EDIT: Pothead main character? "How high"?


----------



## JoshuaVonFlash (Feb 15, 2014)

How has Clerks 1&2 not been mentioned yet!?


----------



## mlp187 (Feb 15, 2014)

The Inbetweeners Movie
Cedar Rapids
Hotrod
MacGruber
Hot Fuzz
Paul


----------



## TRENCHLORD (Feb 15, 2014)

wankerness said:


> I always forget Dead Alive is known as Braindead in most of the world


 
When I think of "brain dead" this is what comes too mind .
https://www.nerdist.com/2013/06/weird-old-sci-fi-brain-dead/


----------



## chopeth (Feb 15, 2014)

wankerness said:


> I always forget Dead Alive is known as Braindead in most of the world



Didn't know about it, in fact, in Spain it is known as "Your mother ate my dog"


----------



## wankerness (Feb 15, 2014)

chopeth said:


> Didn't know about it, in fact, in Spain it is known as "Your mother ate my dog"



That's a WAY better title, wow! And yeah, that stupid bill pullman movie causes too much confusion, it should have had a different title so we'd be on the same page with everyone other than spain.


----------



## Xaios (Feb 15, 2014)

wankerness said:


> Good post, I forgot about but agree with all of these, besides Talladega Nights, I don't think I laughed once through that whole thing!

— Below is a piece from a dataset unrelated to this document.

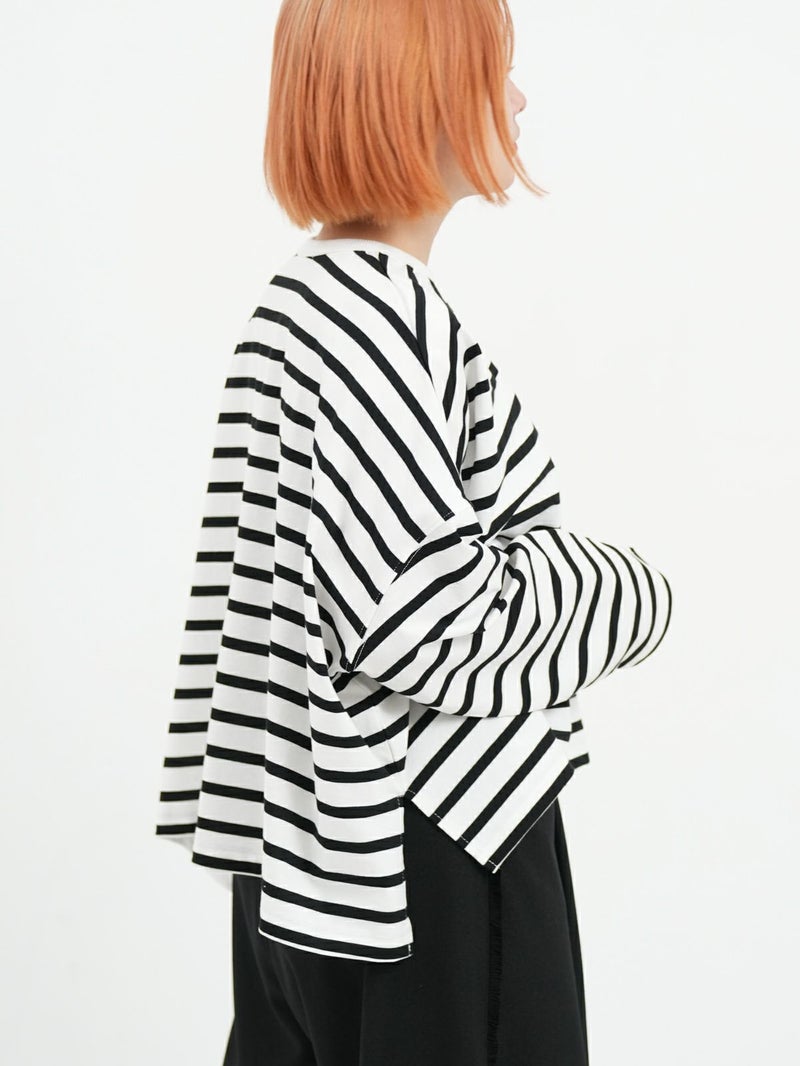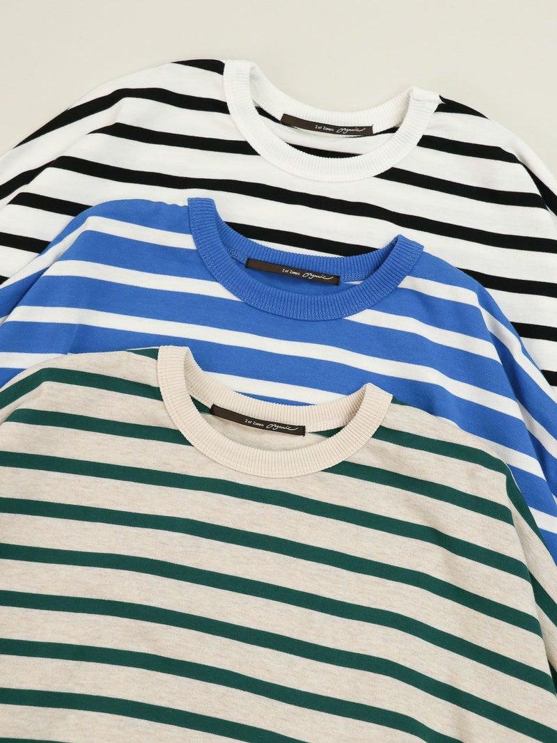 定番のボーダーカットソー。 コンパクトな丈感とゆとりのあるシルエットでトレンド感を加えました。春らしさを感じるカラーの3色展開です。

Will Ferrell's usual schtick annoys the crap out of me, but here it just works.



wankerness said:


> NUCLEAR WESSELS!!! I love that movie so much. I can't believe revisionists have tried to paint it as the worst star trek movie. Then again, I can't stand the original series or half the movies so I'm probably exactly the sort of reason why Star Trek fans dislike it!

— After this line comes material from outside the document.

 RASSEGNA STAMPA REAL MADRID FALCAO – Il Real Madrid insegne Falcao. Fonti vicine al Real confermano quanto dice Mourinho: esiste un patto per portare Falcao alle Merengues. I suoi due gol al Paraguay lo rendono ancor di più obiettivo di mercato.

I commit the heinous sin of, despite being a trekkie, not being much of a fan of the original series. However, I love the movies based off it, that's where the characters really shine.

Oh yeah, and Spock's colorful metaphors.


----------



## Necky379 (Feb 15, 2014)

Zoolander (One of my all time favorites)
I like all of Kevin Smith's stuff
Frezno Smooth 
Ferris Bueller's Day Off
Animal House


----------



## TheDeathOfMusic (Feb 16, 2014)

Necky379 said:


> Zoolander (One of my all time favorites)



It's weird, I seem to be the only person I know that _hates_ Zoolander 
Then again, it was a rip off of Glamorama, so I may be biased against it as a Bret Easton Ellis fan


----------



## All_¥our_Bass (Feb 16, 2014)

Not going to restate what's already been said, so I'll just add these to the list

Anchorman
The Campaign
Toy Story Trilogy
Finding Nemo
Christmas Vacation
The Muppet Christmas Carol
Hopscotch
Men In Black
Pirates Of The Carribean
Austin Powers (the first one)
Wayne's World I & II
Herald And Kumar Go To White Castle
Cheech And Chong: Up In Smoke
Evil Dead Series
The Incredibles
Bender's Big Score


----------



## Basti (Feb 17, 2014)

Any Woody Allen appreciators? I remember loving Sleeper



patata said:


> I'm more inclined to the party gone wrong/pothead main character comedies.
> The scene from superbad,the ''prepare to be fvkced by the long dick of the law'' was freaking hilarious.
> 
> Can anyone suggest more like this? Party gone wrong/pothead main character



Those are exactly the kind of comedies i absolutely hate, wow  hahaha


----------



## wankerness (Feb 17, 2014)

I love a lot of his movies (Hannah and her Sisters/Crimes & Misdemeanors are two of my favorite movies) but wouldn't qualify any of them as "movies that make me laugh a ton" besides maybe Sleeper and Bananas. Annie Hall and Bullets Over Broadway might too I suppose.


----------



## JoshuaVonFlash (Feb 17, 2014)

JoshuaVonFlash said:


> How has Clerks 1&2 not been mentioned yet!?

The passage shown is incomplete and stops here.